Let’s take a brief look at Triston McKenzie’s pitch mix and results. McKenzie relies on three primary pitches in the four-seamer, curve, and slider while sprinkling in a changeup 1.6% of the time. He seems to buck the Cleveland pitching trend with examples of Zach Plesac, Aaron Civale, and Shane Bieber typically using their fastball less often. 

Triston McKenzie Pitch Mix & Results 2020-2021

Meanwhile, McKenzie throws the four-seamer 63.2% of the time with an almost identical curveball (17.9%) and slider (17.3%) usage. In the small sample of 2020, McKenzie increased his four-seamer usage from 53.3% and lowered his changeup from 10%. McKenzie only threw the changeup 25 times this season, but it resulted in a dreadful 1.400 SLG. However, Cleveland seems like one of the teams where we should trust their pitching coaching and development, given their track record. 

Interestingly, McKenzie uses the slider a ton against right-handed hitters with a ton of curveballs against opposite-handed hitters. Both breaking pitches wind up as McKenzie’s best whiff pitches and limit the damage from a wOBA allowed standpoint. In 2020 and 2021, McKenzie’s four-seamer boasts above-average vertical movement at 2.4 inches more this season and 3 inches more than the average four-seamer in 2020. 

Triston McKenzie 4-Seam Pitch Velocity

Last season, we noticed some ups and downs with Triston McKenzie’s fastball velocity. From April into mid-June, McKenzie’s four-seamer velocity ranged from 90.1 mph to 92.1 mph in his first start. However, in July and into August, the four-seam sat at 92.2 mph to 93.3 mph. Not that fastball velocity is the main reason for McKenzie’s success, but it’s a positive sign paired with the above-average vertical movement. 

Should We Buy or Sell McKenzie?

Given that I mentioned my FOMO with Triston McKenzie, I’m buying more than selling, especially with the recent hot stretch. He came into the season with some hype and concerns, given McKenzie’s 33.1% strikeout rate and 7.1% walk rate in 2020, yet a tall and thin frame. It’s not just the weight but some injury concerns in McKenzie’s past that worried fantasy managers. 
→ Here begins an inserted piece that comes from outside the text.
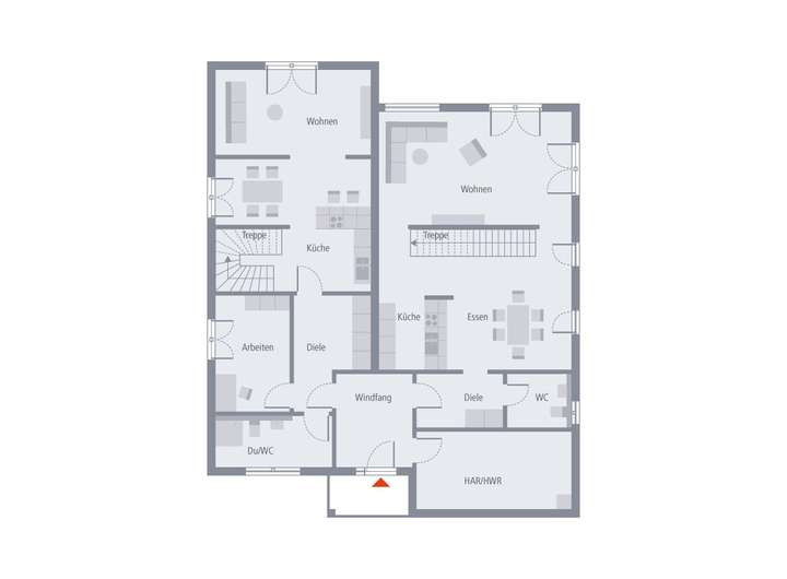 Dieser Architektenentwurf ist ein Planungsvorschlag und dient der Inspiration und Orientierung. Grundrisse, Architektur-Extras, Ausbau- und Effizienzhaus-Stufen werden individuell an Ihre Wünsche und Bedürfnisse angepasst.

Per NFBC ADP in the final two weeks of the season, Triston McKenzie sat right outside the top-200 picks at 214 near Austin Nola, Dustin May, and Jake Croneworth. Some fantasy managers may have added and dropped McKenzie with early struggles and missed out on his recent success. Although McKenzie’s ERA estimators don’t pop with a 4.72 FIP, 4.35 SIERA, and 3.97 xERA, it still gives a glimmer of hope for the rest of the season. Especially when we consider the regression in strand rate though it seems unlikely for McKenzie to keep up the low .207 BABIP allowed.

Triston McKenzie Breaking Pitches Swing & Miss% By Game

We’ll leave you with one final image that draws me into Triston McKenzie to buy more than sell what’s going on, which involves the increased swing and miss rates on his breaking pitches. The fantasy community in redraft and dynasty leagues will likely have split opinions and thoughts with McKenzie, which presents an underrated opportunity to acquire McKenzie in a “buy high” attempt. Don’t just use the tall, thin frame and past innings pitched concerns as reasons to stay away.  

Update: The write-up above occurred before the news of McKenzie hitting the injured list with should fatigue. Although this may draw concerns, McKenzie still showed more signs of optimism than concern in August.